_What you will do:_
Beginning with the first line, retype exactly the records below up to and including the line with "Cropped top con"; pictures do not belong in the copy.

(Extracted records)
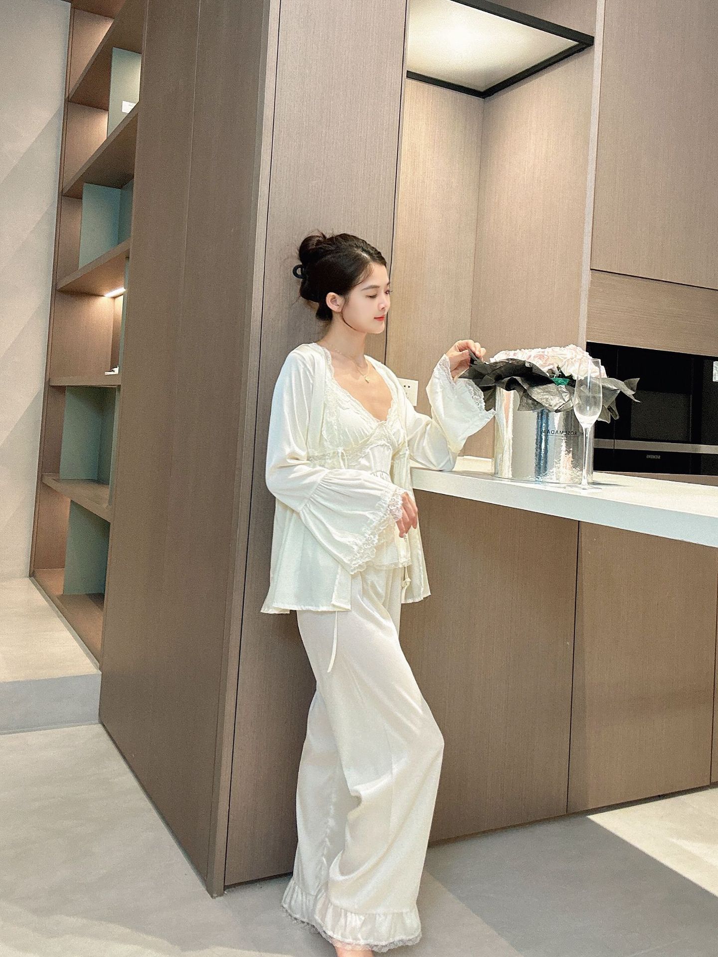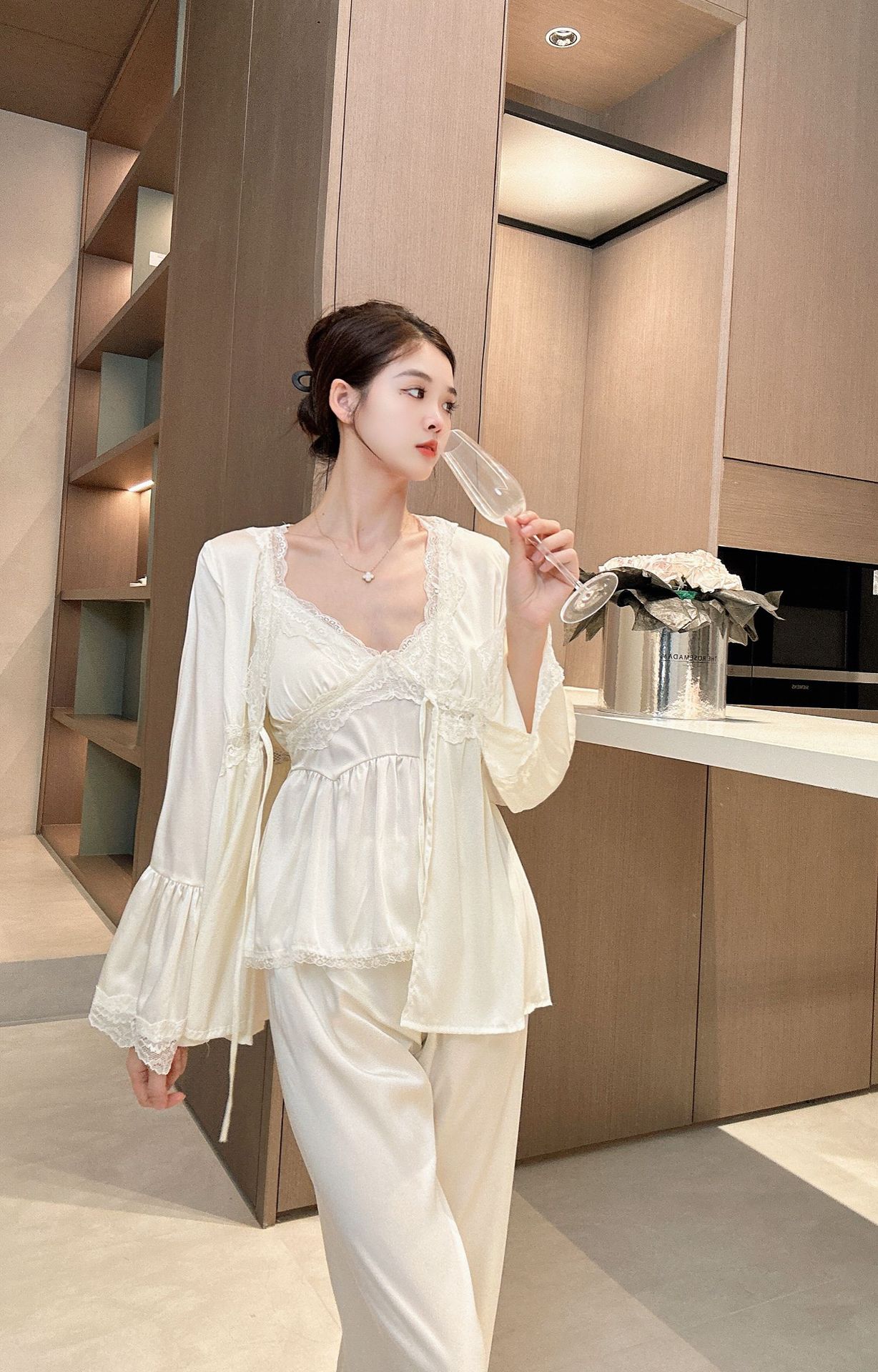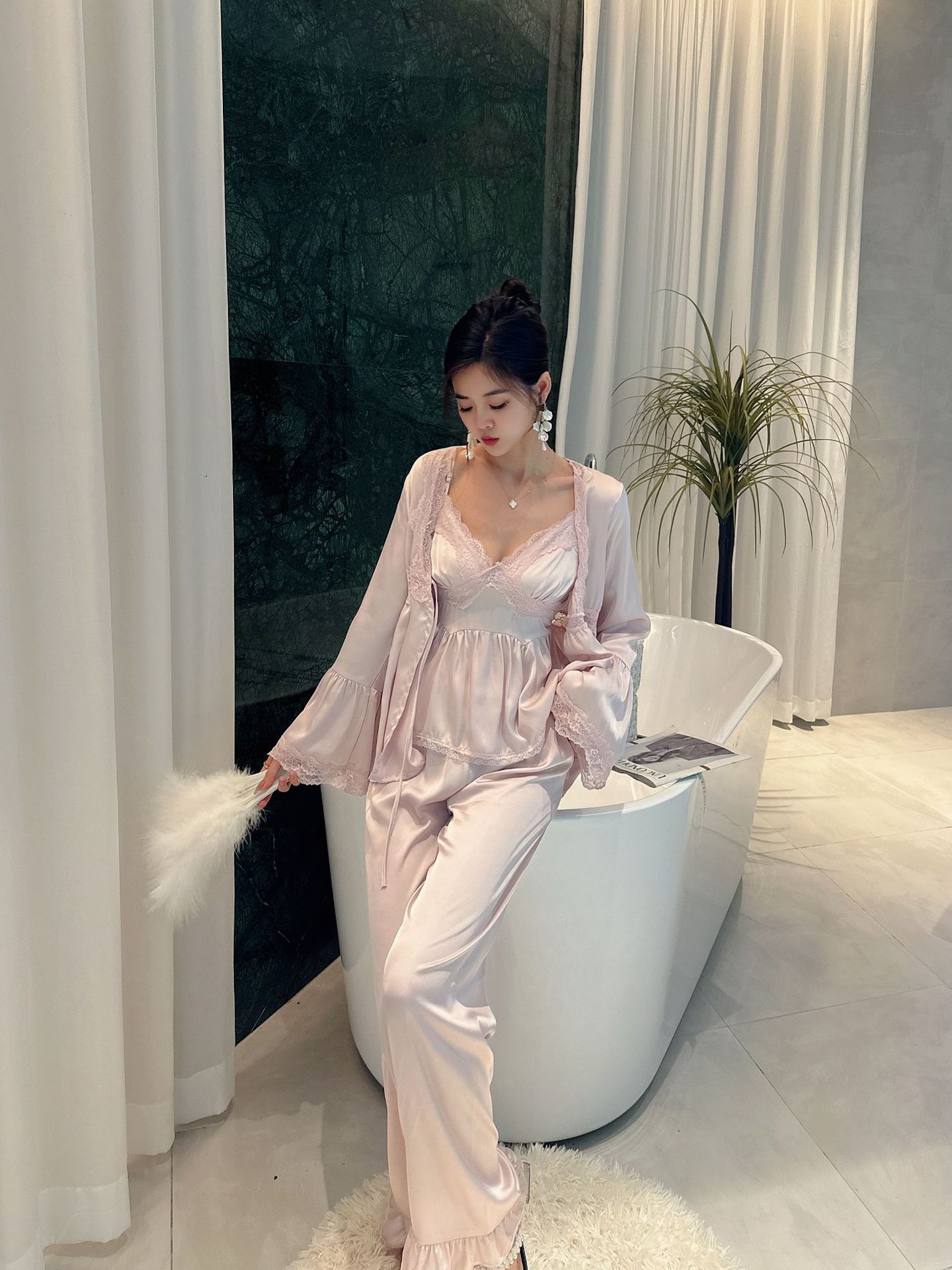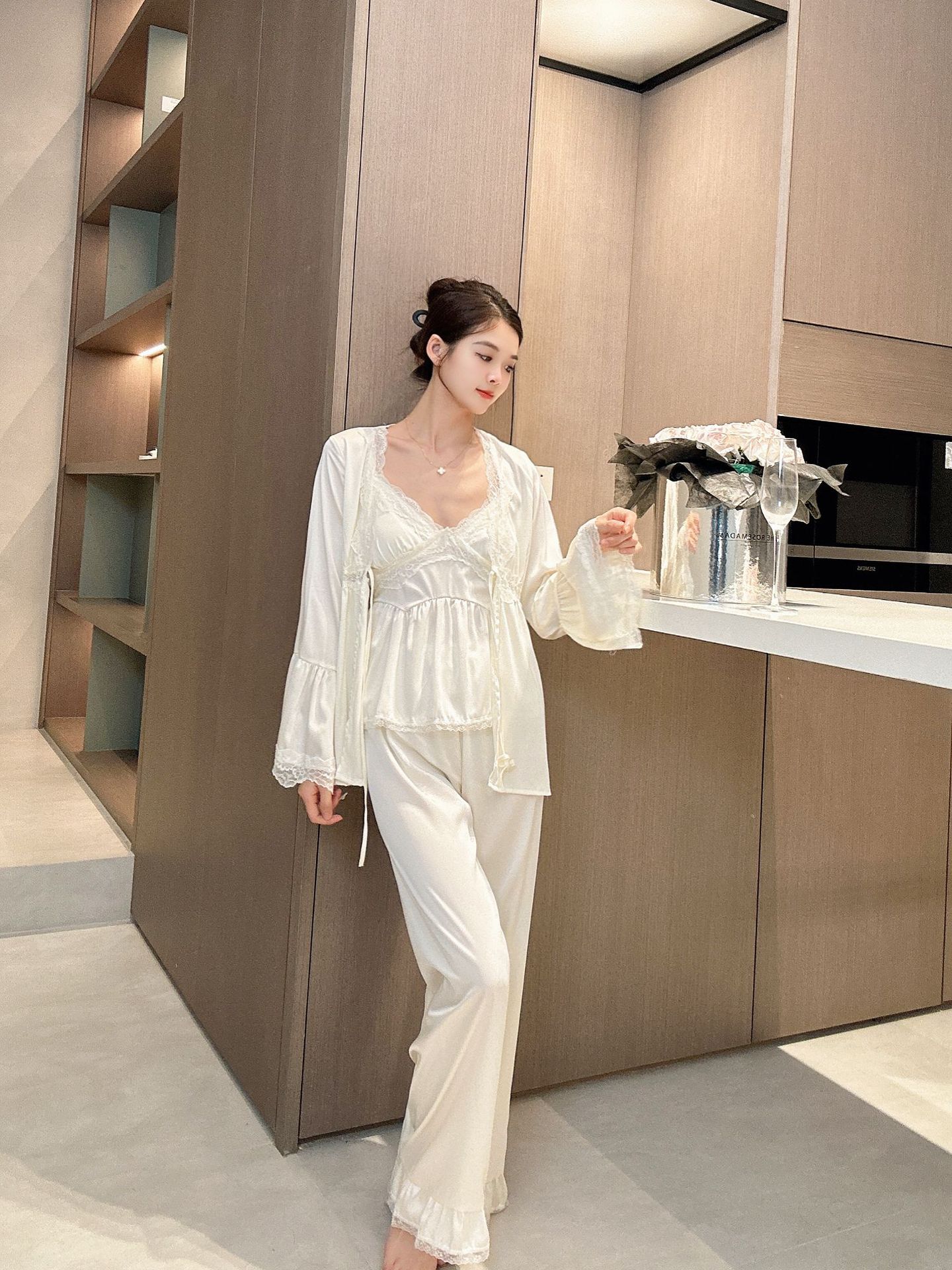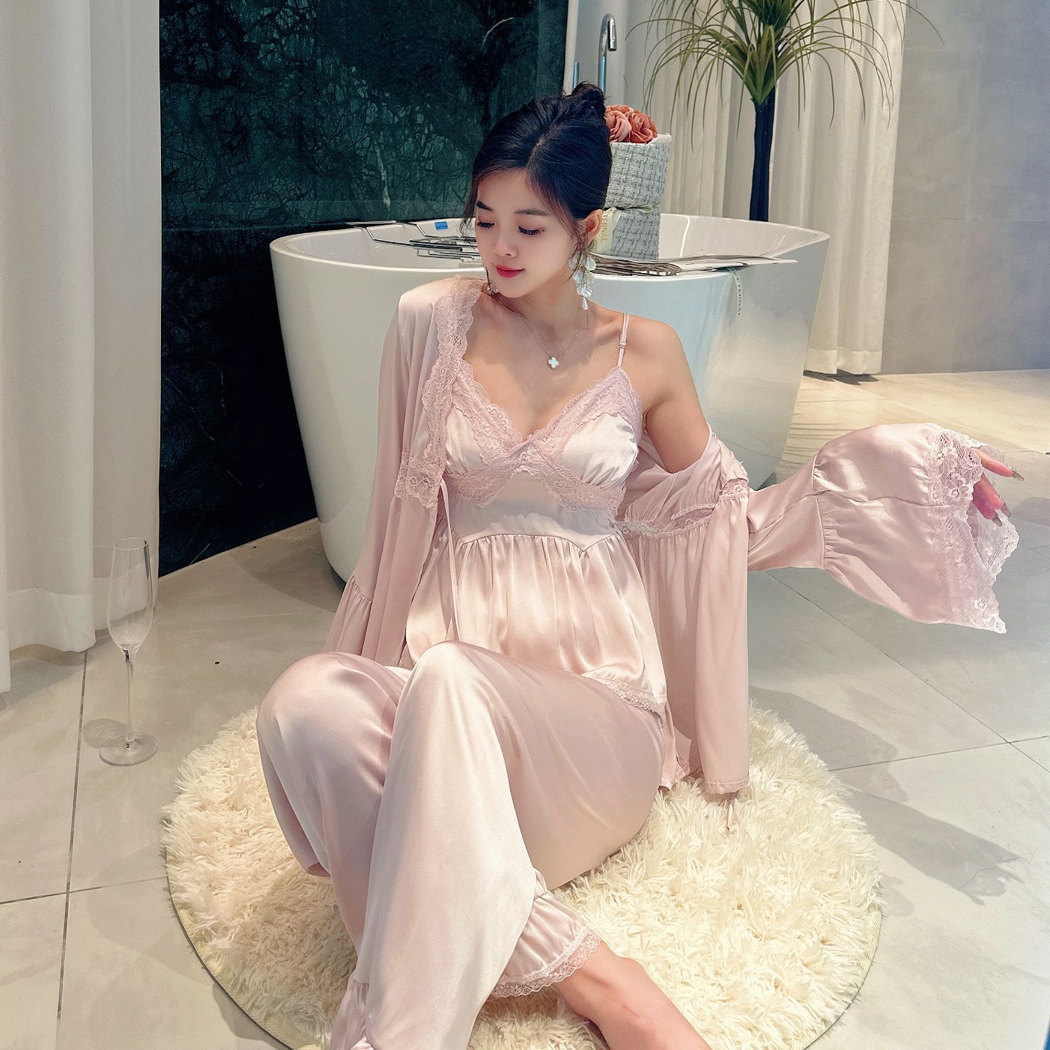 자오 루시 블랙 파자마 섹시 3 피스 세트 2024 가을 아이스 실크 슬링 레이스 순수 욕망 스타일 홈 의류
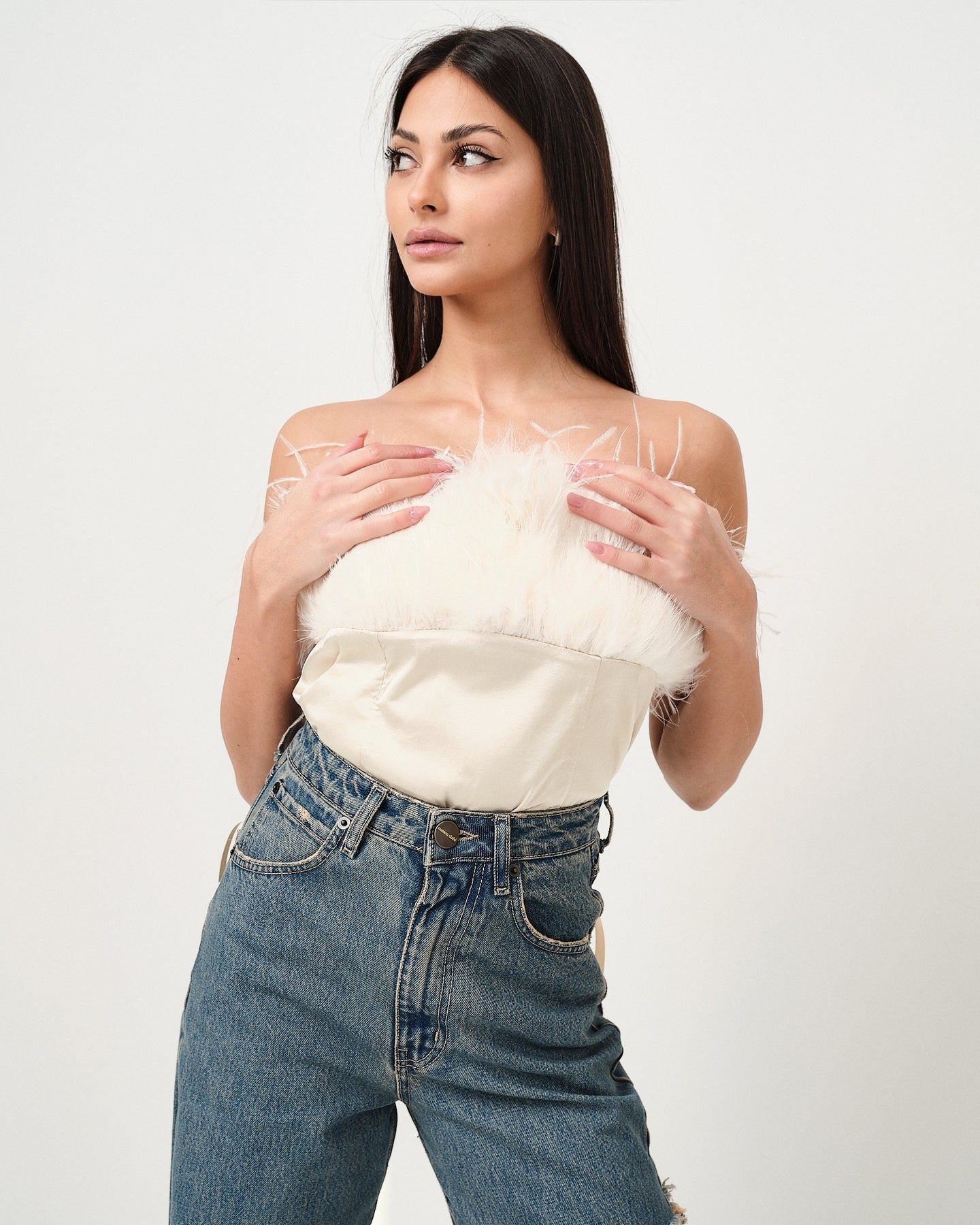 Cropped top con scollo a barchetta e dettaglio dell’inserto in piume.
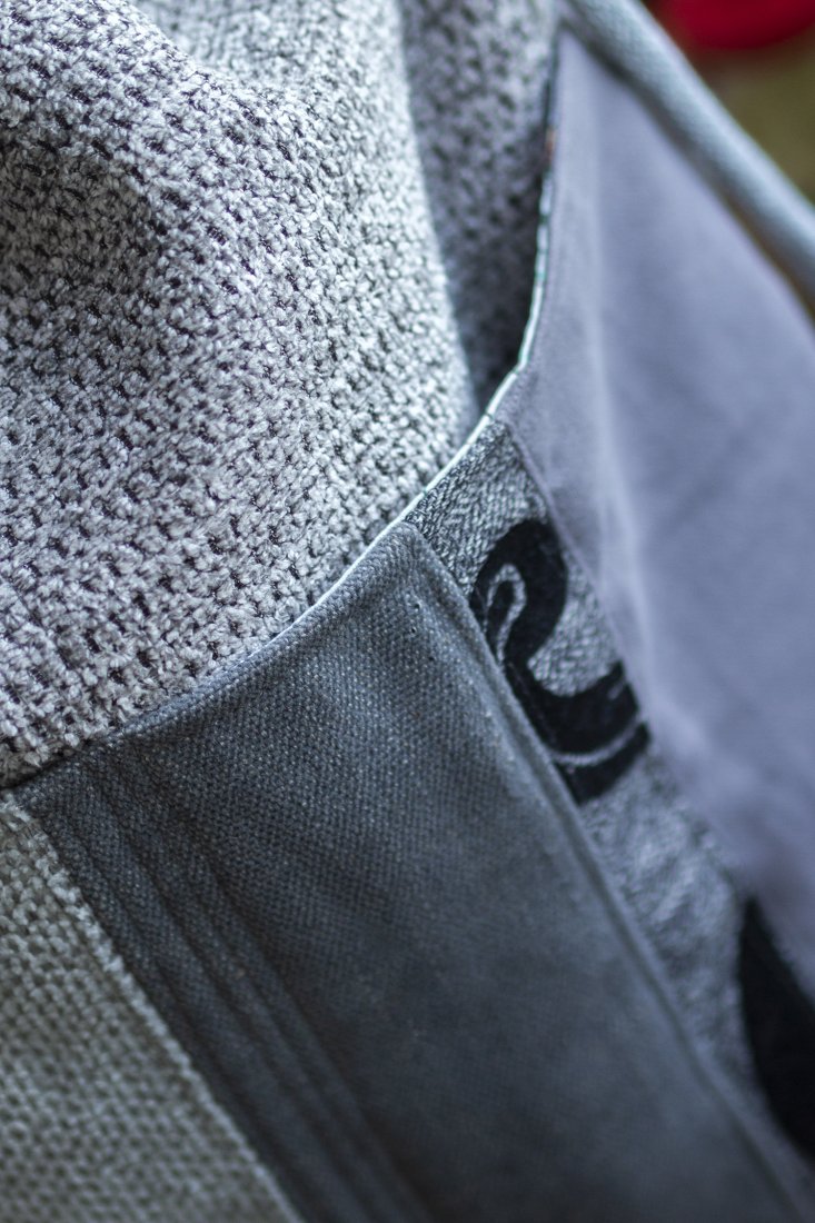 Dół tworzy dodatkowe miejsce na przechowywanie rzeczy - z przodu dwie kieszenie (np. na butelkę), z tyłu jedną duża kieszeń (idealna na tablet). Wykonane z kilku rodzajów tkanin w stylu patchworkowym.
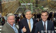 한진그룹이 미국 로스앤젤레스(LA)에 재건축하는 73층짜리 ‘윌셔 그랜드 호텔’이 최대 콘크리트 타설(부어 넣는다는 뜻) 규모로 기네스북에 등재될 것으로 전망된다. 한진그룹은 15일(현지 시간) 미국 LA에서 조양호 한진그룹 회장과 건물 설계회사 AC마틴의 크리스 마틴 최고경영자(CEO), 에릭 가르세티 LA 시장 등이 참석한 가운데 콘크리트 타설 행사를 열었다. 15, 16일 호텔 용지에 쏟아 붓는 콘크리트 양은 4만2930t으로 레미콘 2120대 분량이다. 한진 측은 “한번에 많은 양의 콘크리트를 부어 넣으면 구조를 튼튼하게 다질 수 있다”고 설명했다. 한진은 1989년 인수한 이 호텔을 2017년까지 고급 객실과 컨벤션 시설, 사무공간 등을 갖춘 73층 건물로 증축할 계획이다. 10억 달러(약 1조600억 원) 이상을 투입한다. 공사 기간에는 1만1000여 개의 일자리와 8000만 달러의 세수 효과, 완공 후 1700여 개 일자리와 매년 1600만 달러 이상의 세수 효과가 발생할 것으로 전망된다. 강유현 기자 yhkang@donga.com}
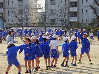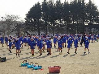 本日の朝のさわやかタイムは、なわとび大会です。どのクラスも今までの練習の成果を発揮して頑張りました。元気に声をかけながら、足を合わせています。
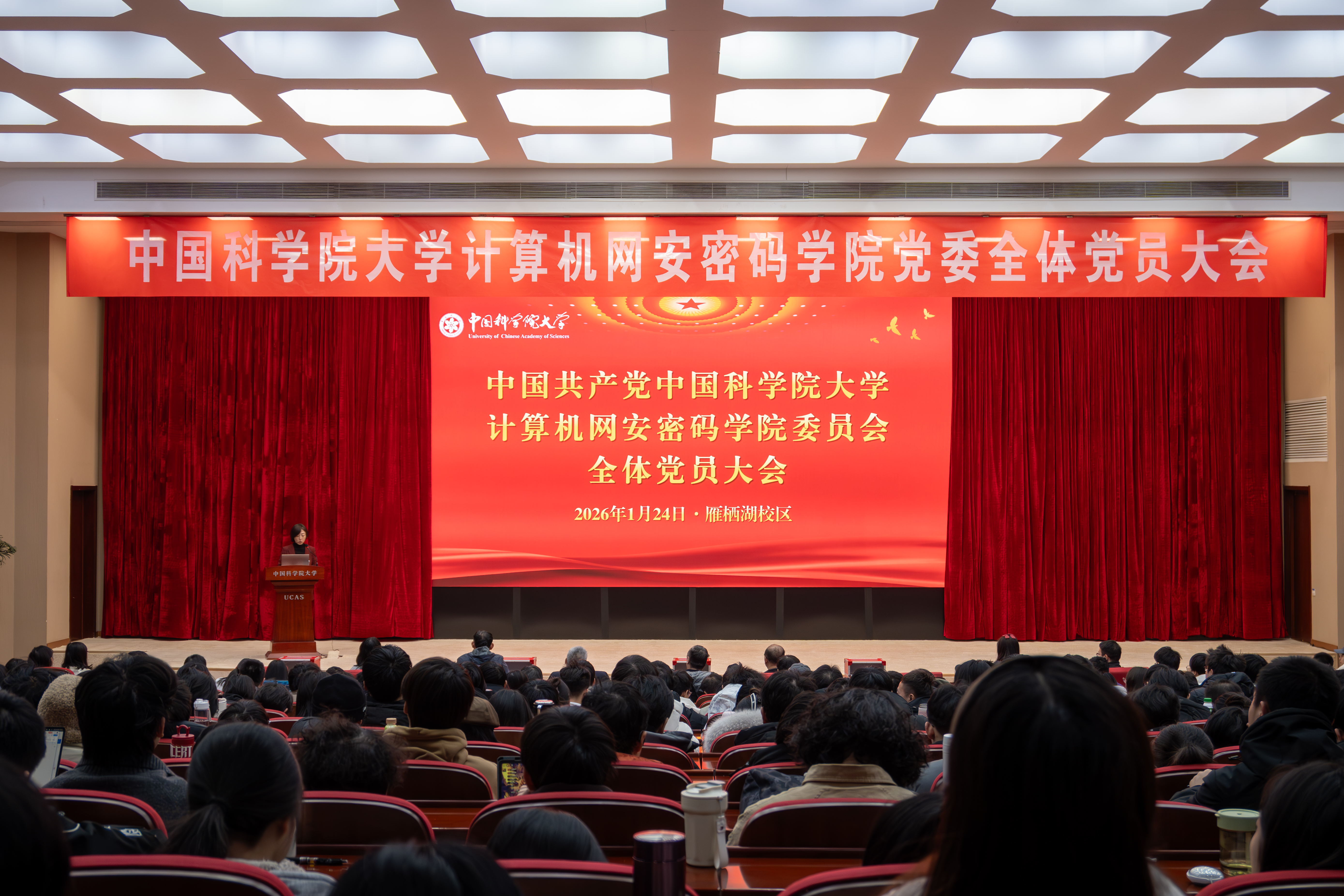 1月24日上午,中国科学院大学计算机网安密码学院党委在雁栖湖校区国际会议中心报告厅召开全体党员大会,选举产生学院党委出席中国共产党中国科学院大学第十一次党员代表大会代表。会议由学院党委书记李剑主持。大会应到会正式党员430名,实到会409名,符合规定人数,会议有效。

_Task output:_
 자오 루시 블랙 파자마 섹시 3 피스 세트 2024 가을 아이스 실크 슬링 레이스 순수 욕망 스타일 홈 의류
 Cropped top con scollo a barchetta e dettaglio dell’inserto in piume.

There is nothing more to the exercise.